第13話 妹視点 哀れな兄


――ドドド――バーンっ


結花「お兄ちゃんー起きて!!て!起きてる珍しい!!」


いつも通り自分の身支度を済ませてお兄ちゃんの部屋に入ると珍しくお兄ちゃんは起きていた。気持ち悪い偽妹アラーム音も鳴ってない……。かけ忘れただけかもしれないけど……。


蓮「いま起きたんだよおはよう結花……」


お兄ちゃんはボサホザの頭を掻きながらそう答える。本当にお兄ちゃんは見た目だけなら完璧なのになと思いながら


結花「はーい今日もお弁当作るからね昨日はパセリ美味しく食べてくれてたってツッキーから連絡きてたよっ」

よかったよかったと綺麗に一つずつミキサーでサプリを砕いて、虹色にデコレーションした自信作のことを思い出しながらお兄ちゃんに伝える。ツッキーからもRainで確認済みだ。


蓮「もうお弁当はいいかな?売店で食べるからさ」

するとお兄ちゃんは不健康なものしか置いてなさそうな(偏見)で食べるから大丈夫て言ってくる。ご飯をずっと食べてなくてお粥でも戻してた兄が……


結花「うん?何か言った?」

私は入り口のすぐ横に置いてある抱き枕の頭を掴む。お兄ちゃんは言っても変なこと言って逃げるから目で解らせないとね……。


蓮「それ……限定の雪見ちゃん抱き枕……」


そんな声が聞こえるがお兄ちゃんに見えるように頭を掴みボディブローをする。なんか柔らかくて癖になるかも……。


(ドス‥ドス‥ドス)


結花「美味しいんだよね?」

(ドス‥ドス‥ドス)と抱き枕の柔らかさを手に感じつつお兄ちゃんは段々表情が焦ってるのがわかる。

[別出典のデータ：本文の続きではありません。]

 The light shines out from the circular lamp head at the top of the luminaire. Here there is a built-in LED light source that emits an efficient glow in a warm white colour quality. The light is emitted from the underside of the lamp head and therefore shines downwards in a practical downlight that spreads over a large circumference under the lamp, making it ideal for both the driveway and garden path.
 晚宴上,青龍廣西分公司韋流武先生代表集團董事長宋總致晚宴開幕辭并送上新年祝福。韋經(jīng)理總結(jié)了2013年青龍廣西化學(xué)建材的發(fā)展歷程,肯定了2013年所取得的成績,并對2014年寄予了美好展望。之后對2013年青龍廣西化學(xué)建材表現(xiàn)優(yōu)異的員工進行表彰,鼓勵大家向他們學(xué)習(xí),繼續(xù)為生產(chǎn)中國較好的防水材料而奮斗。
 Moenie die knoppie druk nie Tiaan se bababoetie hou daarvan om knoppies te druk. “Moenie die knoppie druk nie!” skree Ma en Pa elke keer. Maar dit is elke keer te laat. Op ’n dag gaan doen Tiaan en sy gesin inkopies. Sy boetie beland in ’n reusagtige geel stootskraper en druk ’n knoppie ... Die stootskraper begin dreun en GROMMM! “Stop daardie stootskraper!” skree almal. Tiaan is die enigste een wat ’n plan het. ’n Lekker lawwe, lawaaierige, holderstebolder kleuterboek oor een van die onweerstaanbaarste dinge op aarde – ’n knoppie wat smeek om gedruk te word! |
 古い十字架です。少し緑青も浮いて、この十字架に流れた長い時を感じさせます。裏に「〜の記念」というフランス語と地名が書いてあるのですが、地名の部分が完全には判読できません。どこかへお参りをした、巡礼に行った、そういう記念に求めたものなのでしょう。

蓮「兄として言わなきゃいけないことがあるんだ結花落ち着いて聞いてくれ、そして雪見ちゃんを殴らないで……」

兄として……?もしかして感謝の言葉とか?

妹として見れないとか……とか妄想に少しふけりつつお兄ちゃんに聞き返す


結花「なに?お兄ちゃん?」


蓮「あれは人が食べるものじゃないんだ虹色のお茶も、プロテイン付き卵もパセリも……」

人が食べるものじゃない……それはない!サプリメントの料理方法ネットで調べてこれで体が無敵になるて書いてあるレシピ改良して頑張ってデコレーションしたのに!


結花「えー!まだ残ってるんだよ材料、卵はいいとしてお茶どうするの?」


蓮「そっちが問題なんだけど、兄として妹の今後彼氏になる人が心配だよ……」

いきなり彼氏とか言ってくるのキモイ!て昔なら言ってたけど……今は違う……

お兄ちゃんがいなくなった後の寂しい家……これからもう目を覚まさないんじゃないかって恐怖……反抗期が終わっても……毎日アニメを見て……無理にカッコつけてるけど構ってくれるお兄ちゃんがいない日常……。

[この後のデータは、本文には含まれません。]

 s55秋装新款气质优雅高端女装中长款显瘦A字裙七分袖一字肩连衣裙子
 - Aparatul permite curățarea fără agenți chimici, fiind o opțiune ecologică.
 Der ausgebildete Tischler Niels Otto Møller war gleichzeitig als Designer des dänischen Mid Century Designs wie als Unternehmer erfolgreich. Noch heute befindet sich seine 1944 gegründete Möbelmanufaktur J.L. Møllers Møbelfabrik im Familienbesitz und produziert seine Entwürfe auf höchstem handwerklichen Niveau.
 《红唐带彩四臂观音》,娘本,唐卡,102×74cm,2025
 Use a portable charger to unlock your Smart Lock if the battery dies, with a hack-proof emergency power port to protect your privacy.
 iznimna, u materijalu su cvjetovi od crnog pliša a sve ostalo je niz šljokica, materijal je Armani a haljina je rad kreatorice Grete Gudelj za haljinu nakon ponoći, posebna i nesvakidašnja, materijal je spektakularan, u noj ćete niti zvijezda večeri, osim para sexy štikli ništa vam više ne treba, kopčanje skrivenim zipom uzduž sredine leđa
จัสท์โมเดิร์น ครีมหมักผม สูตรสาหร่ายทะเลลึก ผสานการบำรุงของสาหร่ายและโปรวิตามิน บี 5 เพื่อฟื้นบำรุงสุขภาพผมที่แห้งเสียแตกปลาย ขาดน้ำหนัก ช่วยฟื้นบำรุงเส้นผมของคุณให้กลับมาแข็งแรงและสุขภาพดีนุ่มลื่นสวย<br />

自分が兄に甘えて、アニメ好きだから、野球から逃げたって変に嫌ってたことに気づいた今、キモイという言葉は出なかった。


結花「大丈夫!彼氏作る予定ないし!今は友達と楽しくやってるからっそれに……‥

当分はお兄ちゃんのお世話するんだ!またいつ倒れるか分からないから!」


今はやっと学校でシャーロットちゃんとも仲良くなったし今年受験あるけど……できる限りはお兄ちゃんに尽くしたい。


蓮「いつまでもとは行かないだろうに」


その言葉は確かに耳に聞こえていたけど……いつまでもとはいかないけど……今しばらくはと思って立ち尽くしているとお兄ちゃんの口が開き真剣な顔で


蓮「結花よ……妹様よ」


結花「なに?お兄ちゃん気持ち悪いよ改まって」


さっき我慢してたけど言い直した妹様という言葉にゾワっとし気持ち悪いと昔の口癖の言葉が出てしまう。

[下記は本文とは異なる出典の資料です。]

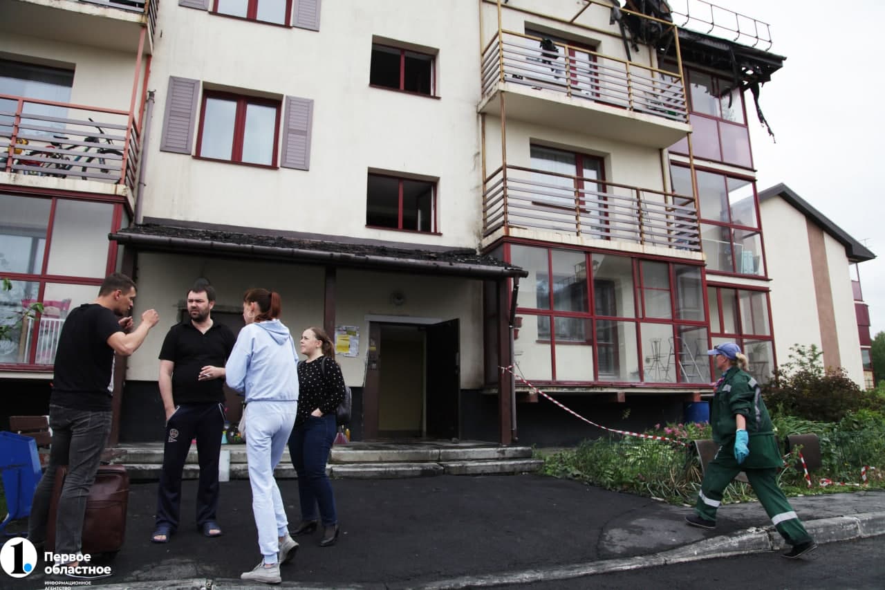 «Я гулял с ребенком на детской площадке. Резко начался ливень. Гром, молния. Видел, как один разряд попал прямо в крышу нашего дома. Сын испугался. Мы тут же бросились домой. Я забыл на площадке кое-какие вещи и, когда вернулся, увидел, как из крыши валит дым. Наша квартира угловая, огонь распространился туда чуть позже. Очаг возгорания где-то посередине был, вероятно», — рассказал ИА «Первое областное» житель пострадавшего дома Александр Ленев.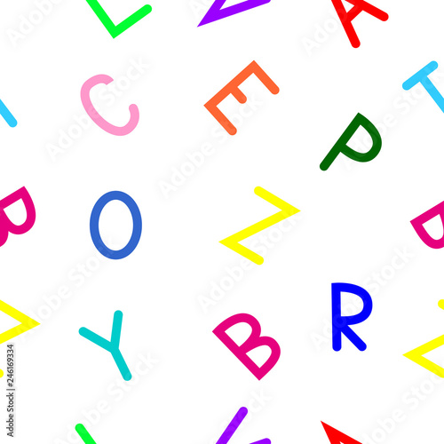 Seamless pattern of some colorful letters of alphabet isolated on a white background.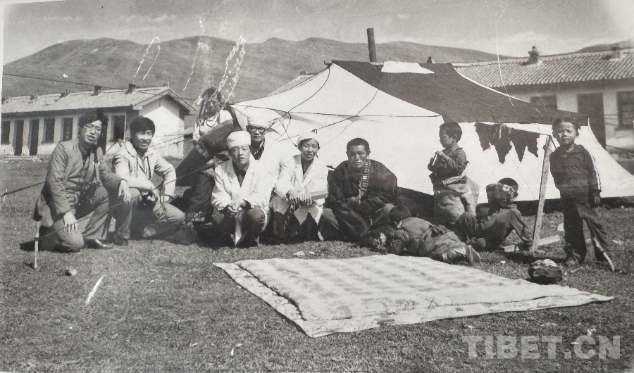 圖為20世紀(jì)80年代,王萬青(左五)和群眾在阿萬倉(cāng)衛(wèi)生院內(nèi)帳篷前的合影 翻拍:易文文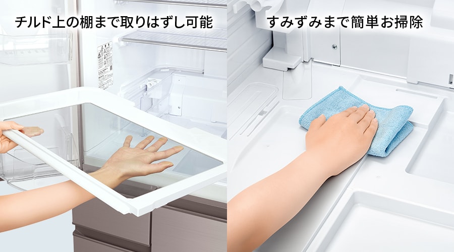 チルド上の棚まで全て取りはずしができるので、今まで掃除ができなかったところまで簡単にお掃除可能に。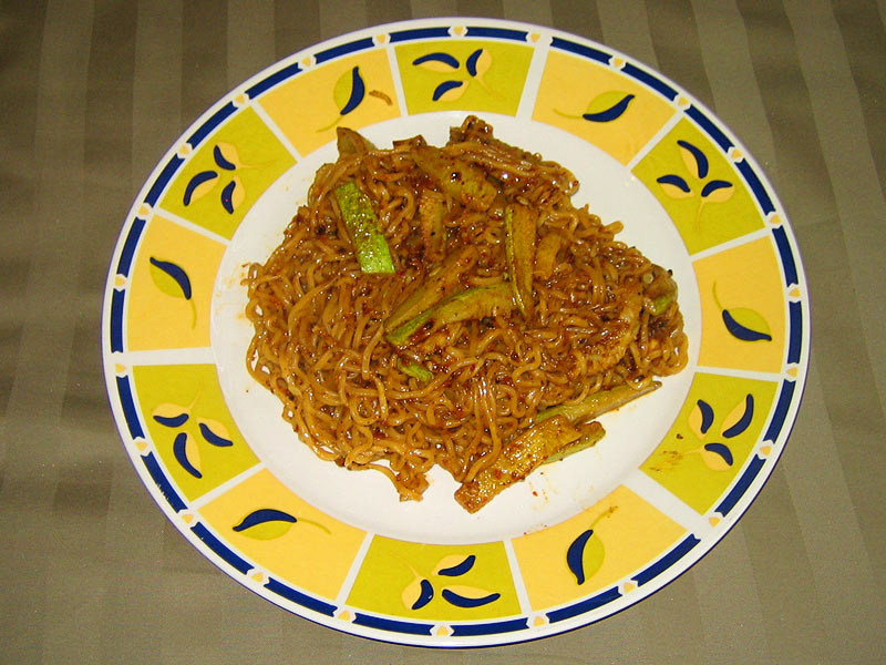 First, something pleasant. The dish below is just noodles (yeah, Ramen) and zucchini, but I wanted to experiment with another hot paste. This one is fresh ground chipotle chiles and almonds in about a 1:1 ratio, with a little garlic powder and brown sugar as well, with lemon for consistency. It's very sweet and spicy with a nice smoky taste.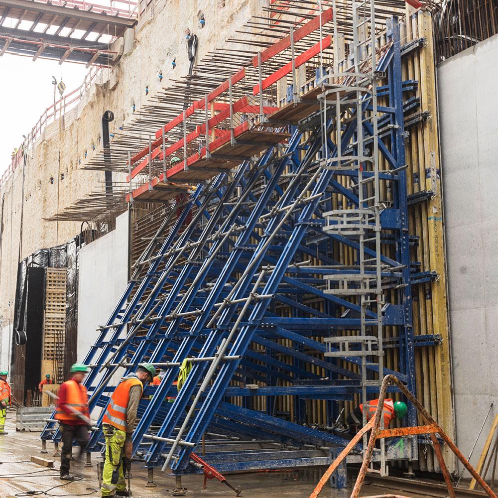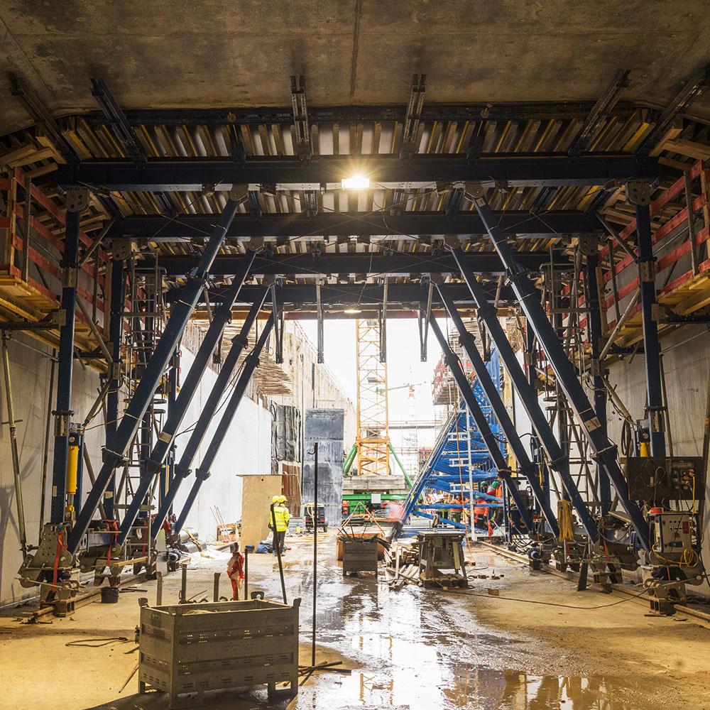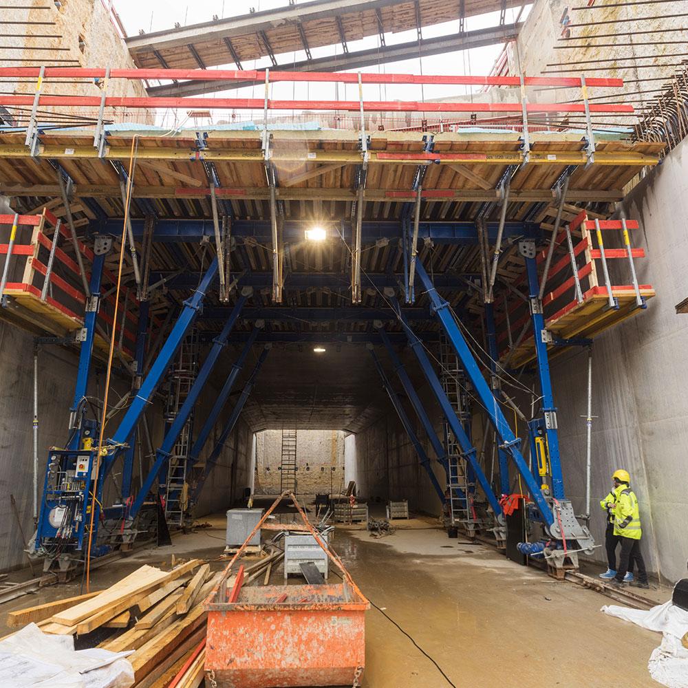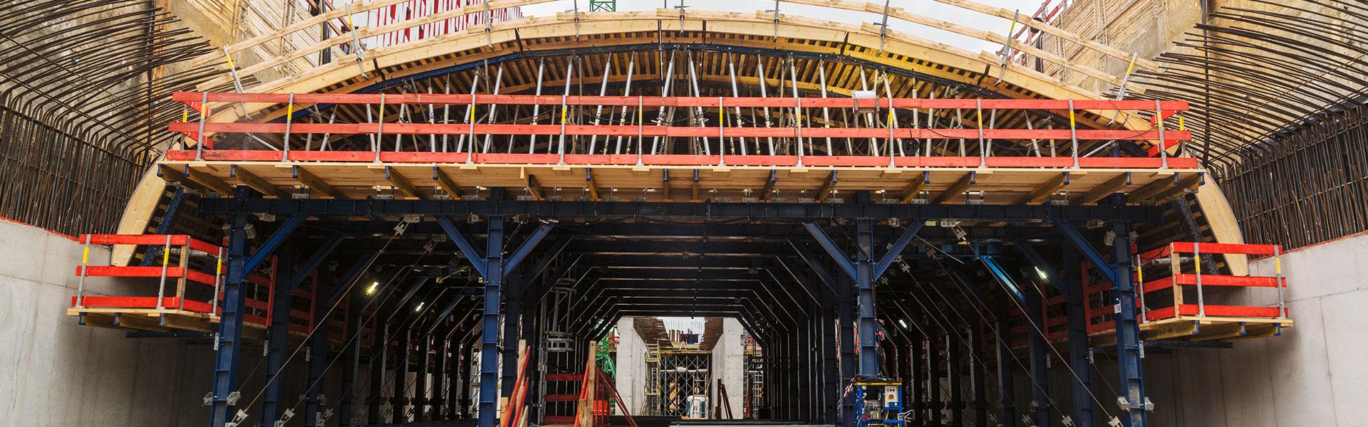 • cost-effective combination of Heavy-duty supporting system SL-1 and SL-1 LW as forming traveller for the vaulted roof of the station, and 2 Forming travellers DokaCC for the typical cross-section of the tunnel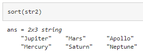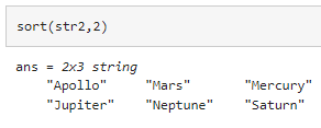 2×3 string형 배열을 정렬합니다. sort 함수는 각 열의 요소를 개별적으로 정렬합니다.

蓮「俺高校では彼女作ってお弁当作ってもらおうと思ってるからもう作らなくて大丈夫だ」


何かと思って聞いてみると……そんなことを口に出してはいるが部屋を見渡すと部屋一面には所狭しと貼られた二次元の女の子の壁紙、ガラスケースには大量のフィギュア、巻物みたいに積み重なっているタペストリー、床には散乱したいくつもの抱き枕、3段ボックスには漫画本、ゲームが所狭しと並んでる中で真剣にそんなことを言うお兄ちゃんが、余りに場違いな発言で思わず頬が緩む。


結花「ぷぷぷっキモオタのお兄ちゃんに彼女できると思ってるの?そんなの無理だよ?」


結花「でもどうしてもて言うなら1ヶ月ううんっ1週間でどう?自信あるなら作れるよね?彼女さん作るだけでいいよお弁当いきなりじゃね……」

最初1ヶ月て言おうと思ったけど1週間ていう無理難題を出す……出来なかったらこのお部屋掃除しようと周りを見渡して


蓮「あぁ……あの結花さん?女子からお弁当作ってもらうてだけじゃダメ?」

弱腰になりお兄ちゃんが聞いてくる。ふと手から離れた抱き枕を見つめる……

お兄ちゃん学校のこと話してくれないけど……もしかして友達いないんじゃないのかな……軍曹とか課長とかよく電話で話してるの聞こえるけど……その人たちももしかしたら……いないんじゃ……いたとしても高校生じゃないよね。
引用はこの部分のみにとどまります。